Community Discovery algorithm for large-scale networks mining louvain--social networks
= = = Algorithm source
The algorithm derives from the article fast unfolding of communities in large networks, referred to as Louvian. algorithm principle
Louvain algorithm is a community discovery algorithm based on the module degree (modularity), which is better in both efficiency and effect, and can discover the hierarchical community structure, the goal of which is to maximize the module degree of the whole graph attribute structure (Community network). The core points that need to be understood are: A, the definition of module degree modularity, this definition is the value Q that describes the degree of tightness in the community, B, the module Delta Delta Q, which is to put an isolated point into a Community C, calculate modularity changes, The main point of the calculation process is to first calculate the modularity of a point, and the modularity of Community C, and then calculate the modularity of the new community after merging, the modularity of the new community minus the first two modularity is Delta Q.

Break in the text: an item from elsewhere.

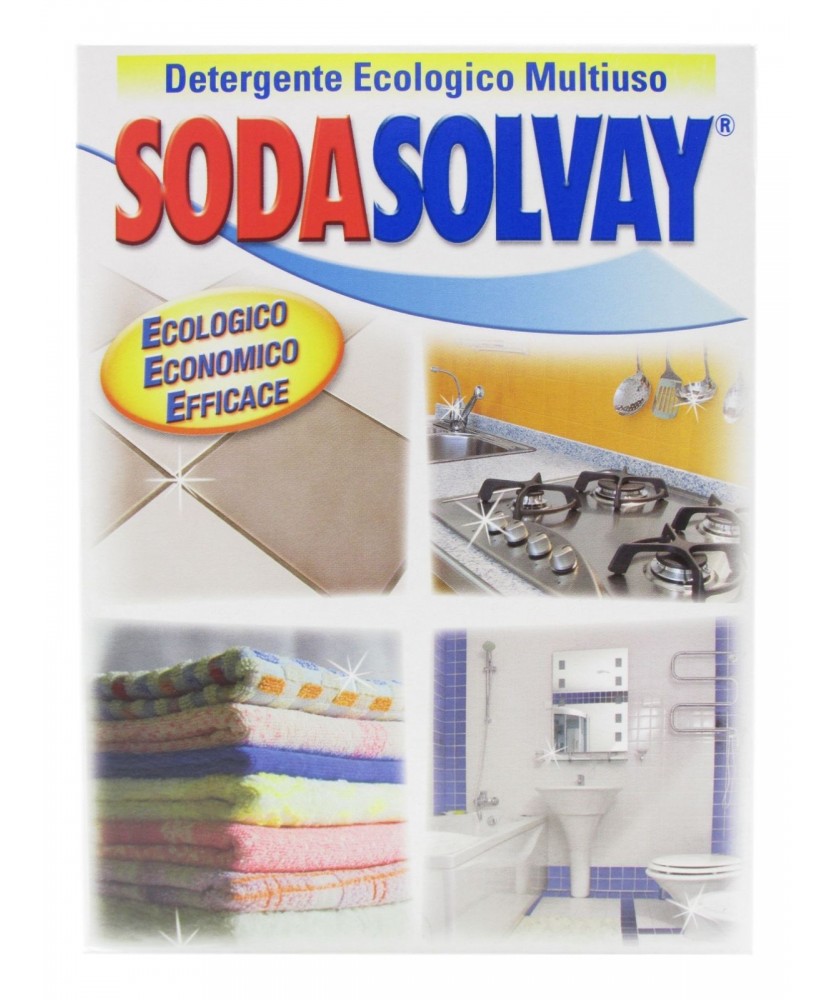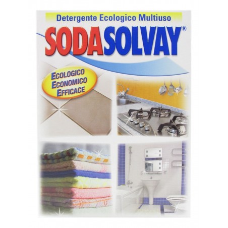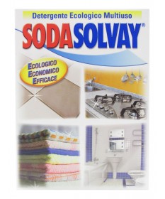 SodaSolvay è un detergente ecologico multiuso, nello specifico carbonato di sodio con una purezza superiore al 99%. E’ un eccellente sgrassante, non fa schiuma e non ha profumo. Utilizzabile per il bucato, su superfici lavabili di cucina e bagno, per le stoviglie, sui pavimenti, per le bottiglie.

The understanding of the above formula is that the Delta Q expands its equivalent to the k_i,in/m-sum_tot/m *ki/m, where k_i,in/m represents the effect of putting isolated nodes and community c together on the entire network modularity, and sum_tot/ M and ki/m respectively indicate the effect of isolated nodes and community c separate on the whole network modularity, so their difference reflects the effect of isolated nodes on the whole network modularity before and after they are put into community c. The calculation process for the algorithm is as follows:
A, each point as a community, then consider each community neighbor node, merge to community, then look at Delta Q, find the largest positive delta Q, merge point to community, more rounds, to no longer change, then the end;
The problem is that the different order of node access will result in different results, and it is found that this order has little effect on the result, but it will affect the computation time to some extent.
b, the new community as a point, repeat the above process. So how to determine the weight before the new point. The answer is to put the weights between the points adjacent to the two community and the new weights as two community degenerate into one point.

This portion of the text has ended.